Date: September 11, 2006
Byline: Cassidy Friedman
Honor your flag
Two patriots have different ways of loving flag
TWIN FALLS — Two military men living on opposite sides of Eighth Avenue N. were raised to cherish the American flag.
They both own flags that remind them of a rich patriotic heritage rooted in family history.
With the exception of the 18 months he spent patrolling in Iraq, Jud Harmon takes down his flag every evening at sunset from the left side of his front entrance and leaves hanging a San Francisco 49ers flag to its right. If the American flag touches the ground, frays, gets sprinkled by water or shows any signs of deterioration he immediately retires it. Failing once to meet a criterion, his wife unwittingly touched a nerve.
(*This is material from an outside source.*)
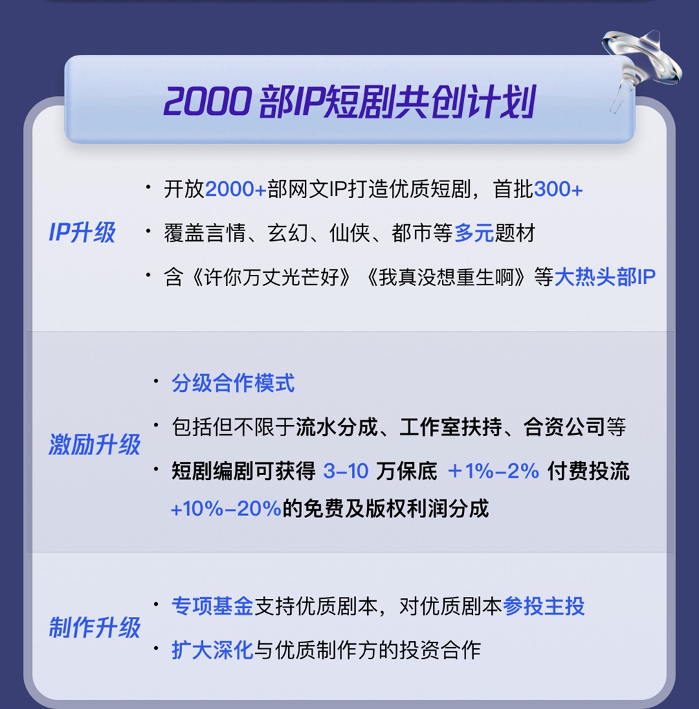 阅文加码短剧扶持力度:2000部IP全面开放 优质作品可获投流+分成

"He had to teach me flag etiquette," Tamara, his wife, said. "He's always sensitive about that."
Across the street a Vietnam veteran flies a less-than-coddled flag. Until a neighbor wrote a letter to the Times-News criticizing his treatment of the flag, he displayed his grandfather's tattered 4-by-5 stitched-cotton heirloom from World War II.
"These new ones, they'll bleach-out in a heartbeat," said Brian Bradshaw. "But I didn't like it out there tattered either."
He took it to the Veteran's Administration where it was burned according to code.
Both patriots adore their flag. One through strict adherence to governing rules; the other through raw sentimentality. For Harmon and Bradshaw the flag is loaded with connotations of tradition, heritage and cultural pride. Outside of how they ritualize the flag, their thoughts and opinions sound strikingly congruent. To both the flag means a sense of home and national identity.
The flag form and treatment issue arises in the national media whenever someone — knowingly or unknowingly — violates the rules. Most recently in April, protesters in Costa Mesa, Calif. waved an upside-down flag — a violation of U.S. Code., which states: "The flag should never be displayed with the union down, except as a signal of dire distress in instances of extreme danger to life or property."
Even President George W. Bush violated the rules after autographing a small American flag handed to him while in a public venue. The Flag Code states: "The flag should never have placed upon it, nor on any part of it, nor attached to it any mark, insignia, letter, word, figure, design, picture, or drawing of any nature."
Claiming the infraction was an attempt at desecration would seem overstated. But it is a mistake Jud Harmon would never make.